Arctic Autumn: A Journey To Season’s Edge Pete Dunne (Houghton Mifflin Harcourt) $24.00 cover design by Martha Kennedy I know it is sort of cheating to choose books with close up nature photos, but this design–a broad horizon scene and a close up of the polar bear is such a nice combo, I wanted to show it. The book is a travelogue, so it has to make you want to go there, or at least read about going there, right? Further, it is the third in a series, each with uniform covers, and I like those sorts of projects. The others aren’t exactly the same, either, but do stand together, quite nicely. See his Prairie Spring and Bayshore Summer. Wonder what the fourth will be? I’m sure it will have a great cover.
Praying for Strangers: An Adventure in the Human Spirit River Jordan (Berkley) $24.95 Okay, maybe it is just me, but I love the earth tones, the lower case letters in the title, (and the way the words are arranged.) I guess these dots are blurred headlights, but I’m not quite sure. There is color, but it is muted, evoking the mystery that is at the heart of this lovely memoir. It is a slightly smaller sized shaped, too, making it perfect to hold. Kudos.

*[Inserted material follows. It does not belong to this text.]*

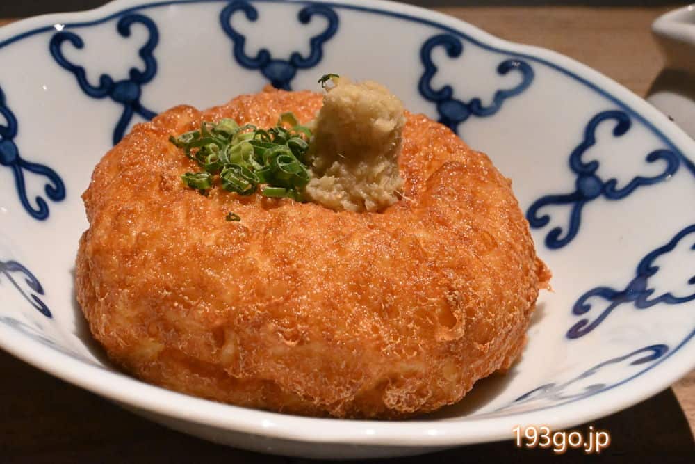 博多の三原豆腐店のまぼろしの厚揚げ。中は熱々フワフワの優しい味わい。おろし生姜とネギで。

Joining the Resistance Carol Gilligan (Polity Press) $19.95 cover design by Office of Paul Sahre This is a good example of a minimalist approach; no subtitle, the sans serif font, the singular raised hand. Notice that it is not in an obvious “speak to the hand” sort of nay-saying gesture, as you might expect, but just raised—making it what Cal Seerveld would call “suggestion-rich.” The designers left most of the back and the back inside flap nearly blank, which I guess was intentional, but seems overly sparse with being striking. Maybe they should have gone the whole way, like the first hardcover all-white edition of Rob Bell’s Velvet Elvis. Anyway, it is good to see scholarly presses doing creative design along with the heavy prose.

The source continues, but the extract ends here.